Tyrosine kinase inhibitor resistance: a case report on chronic myeloid leukemia and Gilbert’s syndrome

Introduction

Chronic myeloid leukemia (CML) is a clonal hematological malignancy, diagnosed by the detection of translocation between chromosomes 9 and 22 [t(Jen9;22) (q34.1;q11.2)] and, consequently, fusion between transcripts BCR and ABL (1), characterizing the Philadelphia chromosome. In order to distinguish the choric phase (CP) from accelerated phase (AP) and blastic phase (BP), other tests are required, as bone marrow aspirate, for morphology characterization and blast cells/basophils detection (2).

The gold standard treatment for CML requires a targeted therapy with tyrosine kinase inhibitors (TKI) aiming at the BCR-ABL1 kinase, which, by activating cellular signalling pathways and transcription, leads to cell proliferation, cell survival and apoptosis prevention (3). Protein tyrosine kinases (PTK) participate in molecular processes, involving growth factors, cytokines and hormones production and secretion that affect cell growth, stromal growth, angiogenesis, and tissue invasion. Various mechanisms are known to inhibit these molecules by multiple signalling pathways, as competition with ATP or other substrates (4).
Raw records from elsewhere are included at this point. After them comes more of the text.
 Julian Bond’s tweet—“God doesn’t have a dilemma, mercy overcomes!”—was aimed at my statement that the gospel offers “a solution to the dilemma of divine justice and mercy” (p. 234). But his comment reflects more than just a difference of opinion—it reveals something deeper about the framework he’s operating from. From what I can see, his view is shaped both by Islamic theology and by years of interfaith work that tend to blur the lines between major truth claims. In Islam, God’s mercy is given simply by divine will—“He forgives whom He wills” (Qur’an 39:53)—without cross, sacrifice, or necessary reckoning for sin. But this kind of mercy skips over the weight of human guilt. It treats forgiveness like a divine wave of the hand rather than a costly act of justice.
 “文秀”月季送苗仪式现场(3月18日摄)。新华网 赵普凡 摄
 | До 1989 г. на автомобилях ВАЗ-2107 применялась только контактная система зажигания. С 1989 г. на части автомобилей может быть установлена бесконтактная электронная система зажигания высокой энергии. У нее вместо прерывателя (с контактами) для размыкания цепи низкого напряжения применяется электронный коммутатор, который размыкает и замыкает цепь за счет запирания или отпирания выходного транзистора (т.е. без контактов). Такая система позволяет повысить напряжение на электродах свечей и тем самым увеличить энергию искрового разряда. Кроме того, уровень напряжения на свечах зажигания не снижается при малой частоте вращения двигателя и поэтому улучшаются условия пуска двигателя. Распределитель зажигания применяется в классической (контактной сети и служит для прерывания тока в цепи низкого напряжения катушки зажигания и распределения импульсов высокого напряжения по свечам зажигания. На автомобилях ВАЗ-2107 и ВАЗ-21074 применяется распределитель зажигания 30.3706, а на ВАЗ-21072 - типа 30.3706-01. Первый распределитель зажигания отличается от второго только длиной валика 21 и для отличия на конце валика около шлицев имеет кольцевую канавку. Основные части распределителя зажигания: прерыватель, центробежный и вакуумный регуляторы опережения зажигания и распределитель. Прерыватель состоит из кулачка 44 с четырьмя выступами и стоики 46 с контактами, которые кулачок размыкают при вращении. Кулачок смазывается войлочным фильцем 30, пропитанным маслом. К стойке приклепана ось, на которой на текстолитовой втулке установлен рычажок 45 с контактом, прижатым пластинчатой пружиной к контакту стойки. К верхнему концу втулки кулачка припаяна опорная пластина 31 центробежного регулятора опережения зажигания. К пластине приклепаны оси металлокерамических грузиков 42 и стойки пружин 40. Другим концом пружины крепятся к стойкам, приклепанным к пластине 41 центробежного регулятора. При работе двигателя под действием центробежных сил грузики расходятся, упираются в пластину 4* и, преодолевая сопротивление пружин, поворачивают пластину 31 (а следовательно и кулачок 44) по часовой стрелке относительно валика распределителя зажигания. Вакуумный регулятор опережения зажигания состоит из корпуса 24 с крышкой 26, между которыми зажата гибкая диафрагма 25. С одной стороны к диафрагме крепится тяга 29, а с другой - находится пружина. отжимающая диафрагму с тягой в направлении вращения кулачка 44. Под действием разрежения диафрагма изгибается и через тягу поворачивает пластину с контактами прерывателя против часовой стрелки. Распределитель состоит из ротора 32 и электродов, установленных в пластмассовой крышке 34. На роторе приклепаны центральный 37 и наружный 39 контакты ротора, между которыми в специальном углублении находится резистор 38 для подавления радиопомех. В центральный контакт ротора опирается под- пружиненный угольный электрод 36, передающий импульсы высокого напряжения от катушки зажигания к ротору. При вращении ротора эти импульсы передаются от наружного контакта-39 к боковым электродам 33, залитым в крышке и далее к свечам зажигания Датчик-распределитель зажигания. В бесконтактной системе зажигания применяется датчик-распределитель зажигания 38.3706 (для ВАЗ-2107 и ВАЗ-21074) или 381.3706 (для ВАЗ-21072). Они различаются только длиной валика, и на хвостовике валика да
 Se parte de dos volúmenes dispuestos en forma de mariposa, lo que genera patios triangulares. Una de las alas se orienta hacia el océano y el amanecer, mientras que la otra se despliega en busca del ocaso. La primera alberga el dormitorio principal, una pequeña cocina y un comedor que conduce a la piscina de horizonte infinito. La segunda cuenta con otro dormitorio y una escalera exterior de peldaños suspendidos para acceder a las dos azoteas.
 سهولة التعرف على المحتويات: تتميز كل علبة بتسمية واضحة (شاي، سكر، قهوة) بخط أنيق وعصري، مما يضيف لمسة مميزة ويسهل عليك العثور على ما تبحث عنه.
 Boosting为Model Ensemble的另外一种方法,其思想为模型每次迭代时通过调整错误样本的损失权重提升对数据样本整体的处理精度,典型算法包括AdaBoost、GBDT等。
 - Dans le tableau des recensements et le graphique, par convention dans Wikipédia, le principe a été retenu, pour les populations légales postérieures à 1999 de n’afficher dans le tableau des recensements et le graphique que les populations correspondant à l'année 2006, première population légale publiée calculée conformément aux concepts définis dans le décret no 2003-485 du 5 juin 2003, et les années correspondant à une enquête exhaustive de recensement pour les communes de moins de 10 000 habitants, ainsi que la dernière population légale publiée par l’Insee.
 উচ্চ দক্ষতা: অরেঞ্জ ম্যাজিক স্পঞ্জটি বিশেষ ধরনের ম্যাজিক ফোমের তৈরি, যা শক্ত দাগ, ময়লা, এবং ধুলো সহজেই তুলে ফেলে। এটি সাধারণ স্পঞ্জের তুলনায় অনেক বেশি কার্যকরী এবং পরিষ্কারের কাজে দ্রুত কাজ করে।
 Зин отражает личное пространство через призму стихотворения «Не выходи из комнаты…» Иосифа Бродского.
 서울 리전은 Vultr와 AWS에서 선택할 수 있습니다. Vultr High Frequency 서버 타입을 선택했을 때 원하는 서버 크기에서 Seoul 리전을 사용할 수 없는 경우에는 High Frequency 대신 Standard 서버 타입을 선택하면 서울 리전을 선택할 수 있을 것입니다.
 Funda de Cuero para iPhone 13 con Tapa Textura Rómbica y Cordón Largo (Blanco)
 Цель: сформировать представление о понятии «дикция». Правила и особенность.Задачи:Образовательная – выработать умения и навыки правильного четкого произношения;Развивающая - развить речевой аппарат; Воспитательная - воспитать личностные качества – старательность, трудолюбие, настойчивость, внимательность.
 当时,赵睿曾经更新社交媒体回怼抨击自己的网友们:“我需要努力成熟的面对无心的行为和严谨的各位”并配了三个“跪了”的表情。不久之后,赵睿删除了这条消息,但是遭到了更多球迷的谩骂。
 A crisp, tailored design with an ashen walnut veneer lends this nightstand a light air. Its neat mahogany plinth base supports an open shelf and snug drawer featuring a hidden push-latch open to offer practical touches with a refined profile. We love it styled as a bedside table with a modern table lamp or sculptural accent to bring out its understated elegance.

Abnormal PTK expression can lead to not only cell invasion, metastasis, and tumor neovascularization, in cases of solid tumors, but also chemotherapy resistance, in cases of hematological malignancies. Besides TKIs have revolutionized cancer treatment, patients develop resistance, frequently and targeted therapy usually lasts only 5 to 9 months (5).

Mutations in the BCR-ABL kinase domain is the most prevailing resistance mechanism and are able to cause the interruption of critical contact points between the PTK and the drug. Another aspect of this process is the induction of conformational changes in the protein, inhibiting TKIs binding, specially Imatinib. In order to reduce resistance levels, novel TKIs have been developed, as Dasatinib, which inhibits almost all mutations in kinase domain that display resistance toward Imatinib and enables the patient to achieve faster and more efficient response to treatment (6).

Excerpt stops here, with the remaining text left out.